You can rig your own sous-vide system with a magic cooker, beer cooler, or a cast iron pot. I've tried the magic cooker method, with great success. Alternatively, if you're not the tinkering type, you can use a professional unit, such as the Sous Vide Supreme.
Recently, the folks at Sous Vide Supreme were kind enough to send me a unit to try out. Sous Vide Supreme is probably the first precision thermal water bath marketed towards home kitchens. Priced at $449.95, it's still a bit steep compared to other kitchen appliances, though it's a lot cheaper than the commercial ones, which start at around twice as much.
Since I had already tried making sous vide steak and salmon, I thought scallops would be a natural next step.

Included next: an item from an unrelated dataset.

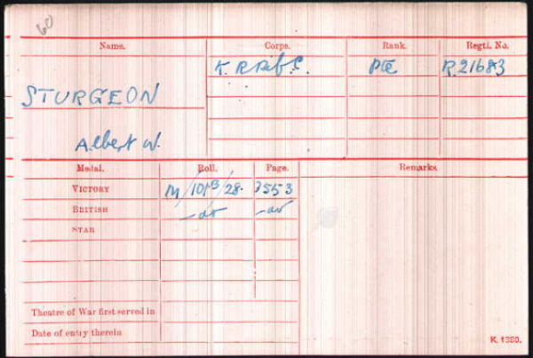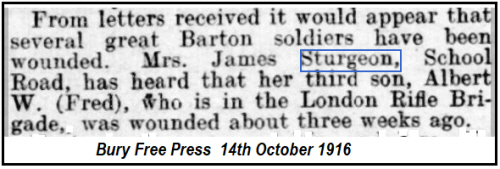 Albert William Sturgeon was born in Great Barton (3rd qtr 1884 Thingoe 4a:659), son of James and Elizabeth STURGEON (née FOULGER)
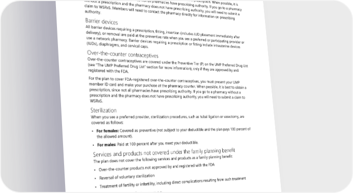 implants, injectables, condoms, and spermicides. Final determination of medical necessity for FDA approved contraceptives is determined by the prescribing provider. Quantity limits still apply. You may purchase up to a 12-month supply of contraceptives. Contact Washington State Rx Services (WSRxS) Customer Service for information on how to obtain a 12-month supply. The replacement of lost, expired, or stolen contraceptives is not covered. You may obtain emergency contraception over-the-counter without a prescription. When possible, it is best to obtain a prescription, since not all pharmacies have prescribing authority. If you go to a pharmacy without a prescription and the pharmacy does not have prescribing authority, you will need to submit a claim to WSRxS. Members will need to contact the pharmacy directly for information on prescribing authority. Barrier devices All barrier devices requiring a prescription, fitting, insertion (includes IUD placement immediately after delivery), or removal are paid at the preventive rate when you see a preferred or participating provider or use a network pharmacy. Barrier devices requiring a prescription or fitting include intrauterine devices (IUDs), diaphragms, and cervical caps. Over-the-counter contraceptives Over-the-counter contraceptives are covered under the Preventive Tier (P) on the UMP Preferred Drug List (see “The UMP Preferred Drug List” section for more information), only if they are approved by and registered with the FDA. For the plan to cover FDA-registered over-the-counter contraceptives, you must present your UMP member ID card and make your purchase at the pharmacy counter. When possible, it is best to obtain a prescription, since not all pharmacies have prescribing authority. If you go to a pharmacy without a prescription and the pharmacy does not have prescribing authority, you will need to submit a claim to WSRxS. Sterilization When you see a preferred provider, sterilization procedures, such as tubal ligation or vasectomy, are covered as follows: • For females: Covered as preventive (not subject to your deductible and the plan pays 100 percent of the allowed amount). • For males: Paid at 100 percent after you meet your deductible. Services and products not covered under the family planning benefit The plan does not cover the following services and products as a family planning benefit: • Over-the-counter products not approved by and registered with the FDA • Reversal of voluntary sterilization • Treatment of fertility or infertility, including direct complications resulting from such treatment Foot care, maintenance Maintenance foot care includes services such as toenail trimming and corn or callous removal or trimming. These services are covered only for a diagnosis of diabetes and when provided by an approved provider type. The plan does not cover maintenance foot care provided outside the diagnosis of diabetes. Gender affirming care With a diagnosis of gender dysphoria, the following services are covered at the standard rate for outpatient services and at the inpatient rate for inpatient services: 52 2024 UMP CDHP (PEBB) Certificate of Coverage

I had seen many recipes that suggested using a lower temperature (125 °F (52 °C)), but I was cooking chicken at the same time, and thus wondered whether I could throw them all in one water bath.
I filled two different bags: one with bacon-wrapped scallops, thyme, and shallots; the other with just a sprinkle of salt and pepper. I stuck them both in the Sous Vide Supreme and set it at 140° F / 60 °C for 40 minutes.
When the timer beeped at me, I took them out, dried them with paper towels, and briefly seared them on a hot cast iron pan just long enough to get a nice sear. Try to make this a brief as possible - like 30 seconds! Remember, your meat is already perfectly cooked!
They were both fantastic. I'm sure some of it has to do with the fact that I bought beautiful scallops that had a wonderful sweet taste. But the sous vide method made it easy to cook them to a perfect consistency. Not a single scallop was overcooked. They were soft, buttery, and all around delicious.
Bacon Wrapped Scallops with Thyme and Shallots
8 scallops (preferably large, diver scallops)
8 slices of bacon
1-2 T shallots, chopped
thyme leaves (from 3-4 sprigs of fresh thyme)
Wrap each scallop with one slice of bacon. Put the scallops in a single layer in the vacuum bag. Add thyme and chopped shallots. Seal under vacuum in a plastic bag according to the manufacturer's instructions (I used Foodsaver).
*For regular scallops, just season with salt and pepper and seal them in the bag*
For medium rare scallops (preferred), cook at 125 °F (52 °C) in a water bath for about 20-40 minutes.
For medium scallops (still delicious), cook at 140 °F (60 °C) in a water bath for about 20-40 minutes.
The benefit of cooking at 140 °F is that you can cook it with other items (such as chicken breast) that need to be cooked at that temperature at the same time.
Remove the scallops from the bag, dry well with paper towels, and briefly sear in a pre-heated grill pan on high heat just until nicely browned. Serve!
A Practical Guide to Sous Vide Cooking
As a food blogger, time to time I receive products from vendors to try out, to review, etc. The Sous Vide Supreme machine was sent to me by Sous Vide Supreme so that I could use the machine and take photos of the process and final products. The views expressed in the posts are completely my own.